### Records from a dataset
· · ·
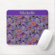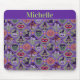 Dieses Mauspad hat ein niedliches Halloween-Pullover-Muster und basiert auf dem Thema der klassischen Fair Isle Strickdesigns. Das Muster besteht aus lila und grünen Kreisen und Diamantstreifen. Jede Form hat ein anderes niedliches Halloween-Motiv. Sie haben eine schwarze Katze mit dem Mond, Frankensteins Kopf, einen fröhlichen Jack oder einen Laternenkürbis, einen Schädel mit rotem Auge, Hexen mit Füßen, einen Friedhof mit Gespenstern, Vampirlippen/Zähne mit Fledermäusen und einen Zaun mit einem Fallbaum auf dem Mond mit Fledermaus. Zwischen den Designs sind Süßmais, verpackte Süßigkeiten und ein Diamant-Design. Oben befindet sich eine farblich passende Bar mit einem Namen. Personalisieren Sie dies mit Ihrem eigenen Namen.
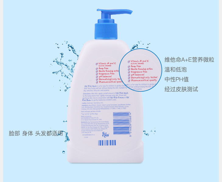 【保税仓】澳大利亚意高(Ego)QV儿童营养沐浴露 350g
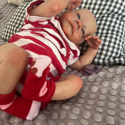 Reborn-vauvanukke realistinen nukke. Nukke on luonnollisen vastasyntyneen kokoinen ja yksityiskohtaisesti maalattu, kasvoissa, käsissä ja jaloissa näkyy ihon sävyjä ja pieniä yksityiskohtia. Sopii keräilyyn tai rekvisiittakäyttöön.
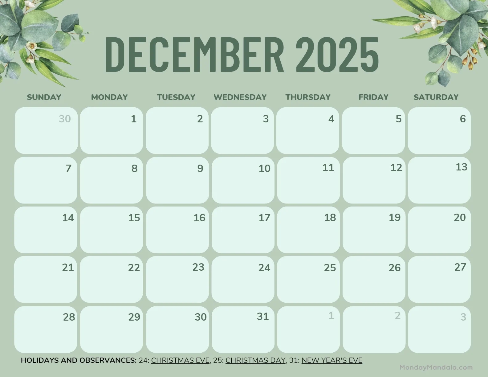 December 2025 Calendar With Extra large Dates WikiDates
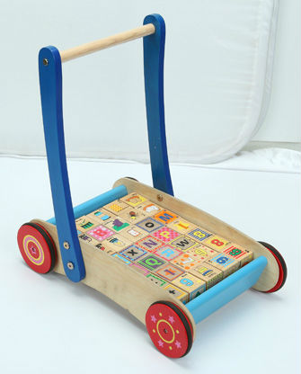 • Alphabet block packed in a wheeled cart for easy transport and storage.
· · ·
### ABOUT THIS EXERCISE
From the data above, return only the lines starting at the line that holds "Reborn-vauvanukke realistinen nukke." and ending at the line that holds "December 2025 Calendar", word for word and without pictures.

### RESPONSE BOX
 Reborn-vauvanukke realistinen nukke. Nukke on luonnollisen vastasyntyneen kokoinen ja yksityiskohtaisesti maalattu, kasvoissa, käsissä ja jaloissa näkyy ihon sävyjä ja pieniä yksityiskohtia. Sopii keräilyyn tai rekvisiittakäyttöön.
 December 2025 Calendar With Extra large Dates WikiDates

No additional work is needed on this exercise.